In the end, collaborative and recovery-focussed treatment that is in line with international best practice will provide individuals with the realistic hope of an enjoyable, useful, and fulfilling life. But there is still much work to do.
Author
Dr Stephen McWilliams is a consultant psychiatrist, author and Associate Clinical Professor, School of Medicine and Medical Sciences, University College Dublin. He runs the Psychosis Programme at Saint John of God Hospital, Dublin.
References
- Taylor D, Barnes T, Young A. The Maudsley Prescribing Guidelines in Psychiatry (13th Ed). Wiley-Blackwell (pages 31-35).

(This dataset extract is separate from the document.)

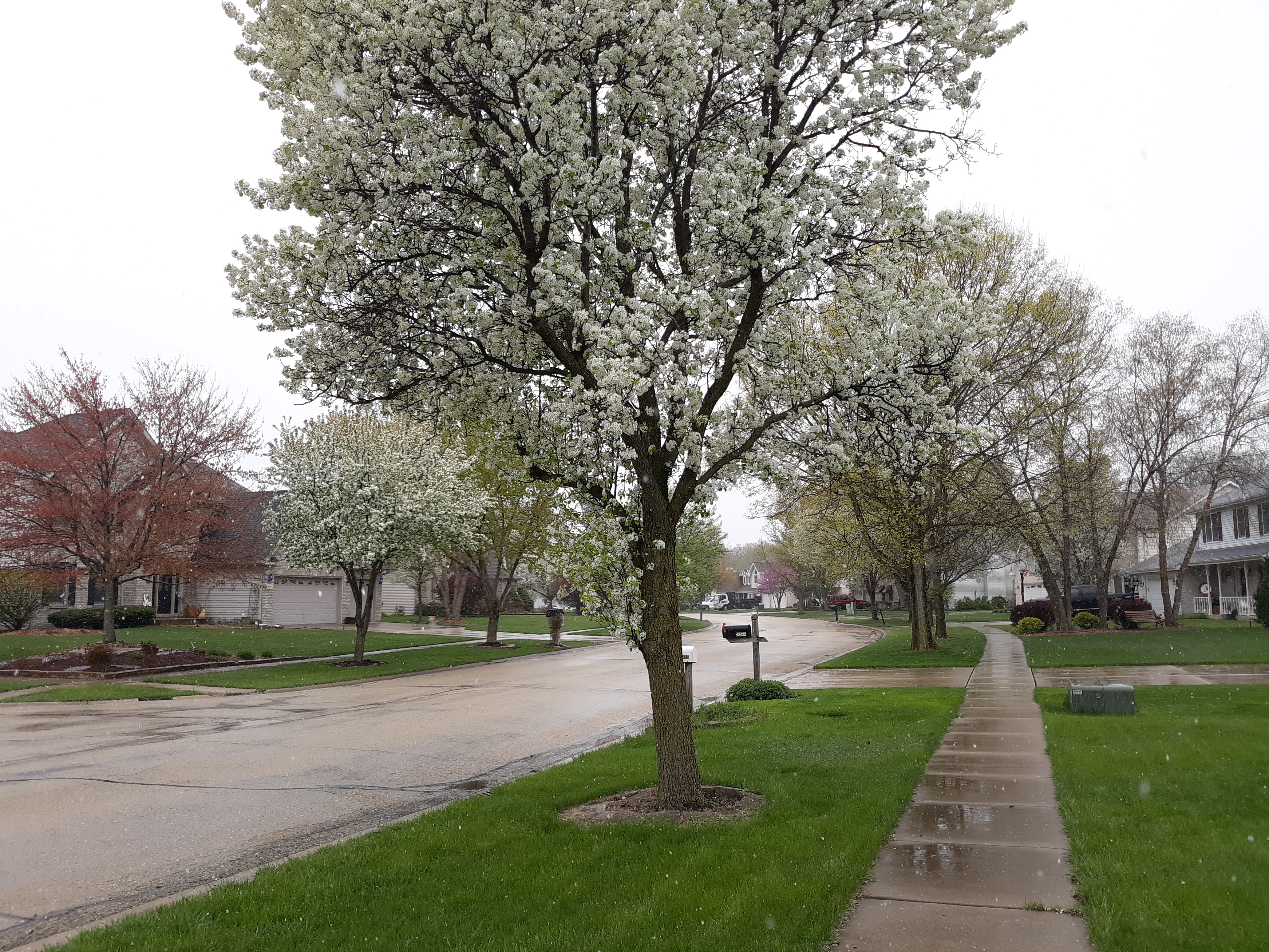기나긴 겨울 숨죽여 기다리다 어렵게 예쁜 꽃을 피웠는데 심술궂게 눈이 오네요. (4월 20일)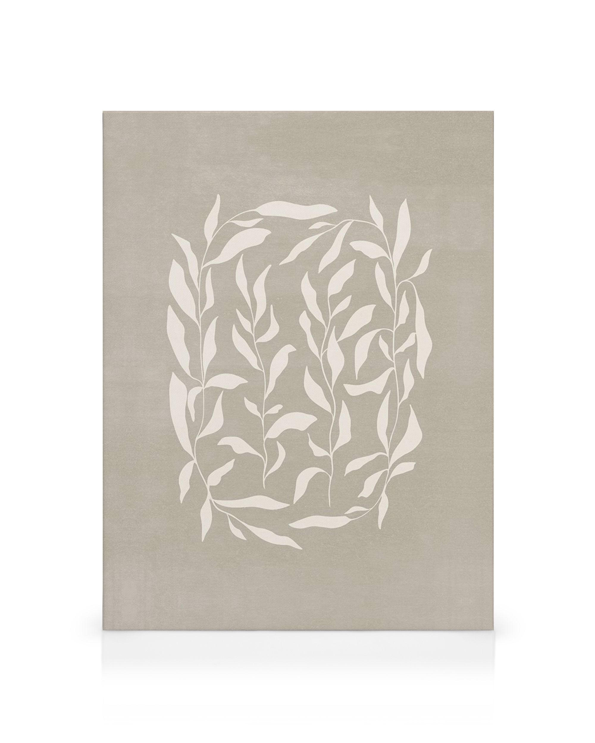 Ilustrace bílých listů v šedém obdélníku na světle šedém pozadí s textem v horní a dolní části. Monochromatické barvy vytvoří ve vašem domove stylový vzhled. Tento plakát se bude na stěně nejlépe vyjímat v kombinaci s plakáty s černobílou fotografií

- Health Service Executive (June 2019). National Clinical Programme for Early Intervention in Psychosis. Model of Care. ISBN 978-1-78602-128-1. (See also Executive Summary. ISBN 978-78602-129-8).
- Keating D, McWilliams S, Schneider I, Hynes C, Cousins G, Strawbridge J, Clarke M. Pharmacological guidelines for schizophrenia: a systematic review and comparison of recommendations for the first episode. BMJ Open 7: e013881. doi:10.1136/bmjopen-2016-013881.
- Leucht S, Corves C, Arbter D, Engel RR, Li C, Davis JM. Second-generation versus first-generation antipsychotic drugs for schizophrenia: a meta-analysis. Lancet (2009). 373:31-41.
- Malla A, Norman R, Schmitz N, Manchanda R, Béchard-Evans L, Takhar J, Haricharan R. Predictors of rate and time to remission in first-episode psychosis: a two-year outcome study. Psychol Med (2006). 36(5):649-58.
- Lally J, Ajnakina O, Stubbs B, Cullinane M, Murphy KC, Gaughran F, Murray RM. Remission and recovery from first-episode psychosis in adults: systematic review and meta-analysis of long-term outcome studies. British Journal of Psychiatry (2017). 211(6):350-8.